Fourth, high schools have historically been under funded by the federal 
government and have faced particular challenges for reform, yet those that have stressed 
the rigor and relevance of their course offerings, and those that have offered more 
personalized organizational structures that have enhanced the relationships within them 
appear to be directly linked to improved career and postsecondary outcomes. Further, 
various interventions have highlighted the importance of providing low-income and first- 
generation college students basic information concerning the costs of college and the 
procedures for application. These interventions, when carried out through cost-effective 
strategies, can show promise in helping students access postsecondary opportunities and 
in making successful transitions to college. Along with these specific programmatic 




57 



recommendations, I suggest that high schools also become more accountable and more 
data-based institutions. Prior federal mandates through NCLB have placed accountability 
front and center in grades 3 through 8, but beyond middle school there are few consistent 
indicators of students’ and schools’ progress. Greater accountability would help high 
schools monitor student progress and would place more reliable measures in the hands of 
policymakers so they can make difficult decisions regarding improving their course 
offerings and organizational effectiveness. If there are to be stronger linkages between 
America’s schools and the workplace, then greater investments are needed within our 
country’s high schools in terms of both their programmatic offerings and their 
accountability for student learning. 

Finally, better evidence is needed to provide both summative and formative 
appraisals of current and future national efforts to scale up reform in high-poverty 
elementary and secondary schools. There are models that have been well researched and 
have shown that they are effective in improving student achievement across reasonably 
diverse contexts. These models certainly deserve continued dissemination and federal 
support through Title I and other federal programs. All school reform models — even 
those achieving the highest standard of evidence — would benefit from more federal 
support for the formative and summative evaluations that are necessary to establish even 
more definitively what works, where, when, and how. 

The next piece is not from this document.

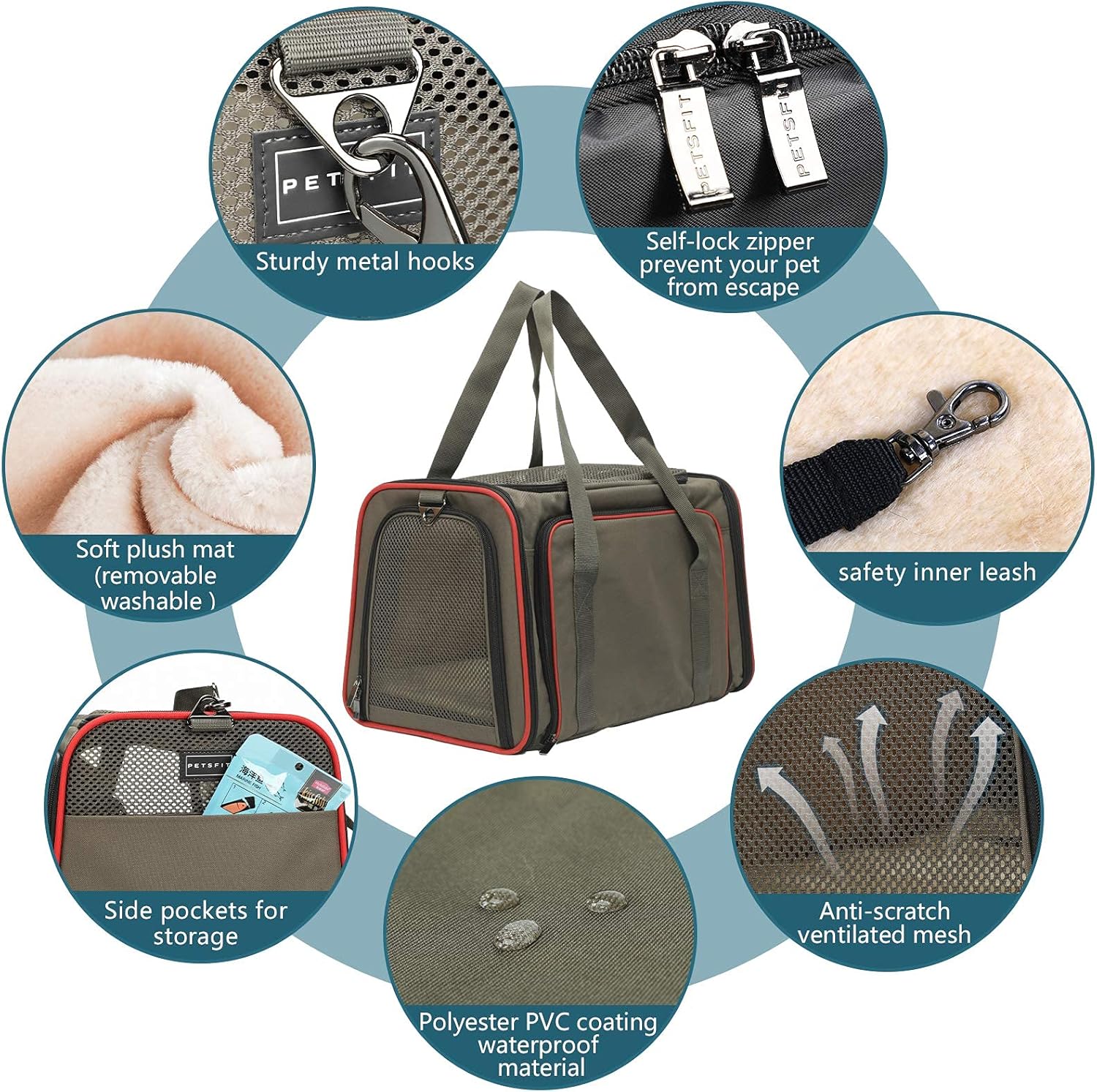 • 【AIRLINE APPROVED CARRIER 】This carrier of S & M size is airlines approved, in compliance with most airline standard size rules. Easily to get this under the airplane seat when travel. As for the size of L, it is best to check the size standard of the corresponding airline(PS:There are two detachable fiber rods on both sides of the top of the carrier. When the large carrier is too high to fit under the seat, you can remove the two fiber optic rods and put them in easily)

Clear research requirements, ample funding for research and development, and a 
focus on the reform models’ results may support the transformation of educational 
research and practices in much the same way that it has helped transform medical research 
and treatment. Like the series of studies required in the Food and Drug Administration’s 




58 



premarketing drug approval process, a similar set of studies might guide the research, 
development, and ultimate dissemination of educational programs (Borman, 2003). Once a 
school reform program has met a standard of evidence, then its implementation using 
federal funds, most significantly those from Title I, should be approved. Before programs 
have accumulated such evidence, some concern should be shown for the ethics of 
supporting educational programs with unknown potentials. In medicine, Gilbert, McPeek, 
and Mosteller (1977) noted that only half of the new treatments subjected to randomized 
clinical trials actually showed benefits beyond the standard treatments patients would have 
received. Without the benefit of high-quality evaluation, many widely disseminated 
educational practices may simply waste the time of teachers and students or, potentially, 
do harm. 

At the same time, schools and policymakers should not dismiss promising programs 
before knowing their potential effects. Instead, developers and the educational research 
community need to make a long-term commitment to research-proven educational reform 
and to establish a marketplace of scientifically based models capable of bringing widespread 
reform to the nation’s schools. Similar to Donald Campbell’s (1969) famous vision of the 
“experimenting society,” we must take an experimental approach to educational reform, an 
approach in which we continue to evaluate new programs designed to address specific 
problems, in which we learn whether or not these programs make a difference, and in which 
we retain, imitate, modify, or discard them on the basis of apparent effectiveness on the 



multiple imperfect criteria available. 




59 



References 

Balfanz, R., & Letgers, N. (2004). Locating the dropout crisis. Baltimore, MD: Johns 
Hopkins University, Center for Social Organization of Schools. 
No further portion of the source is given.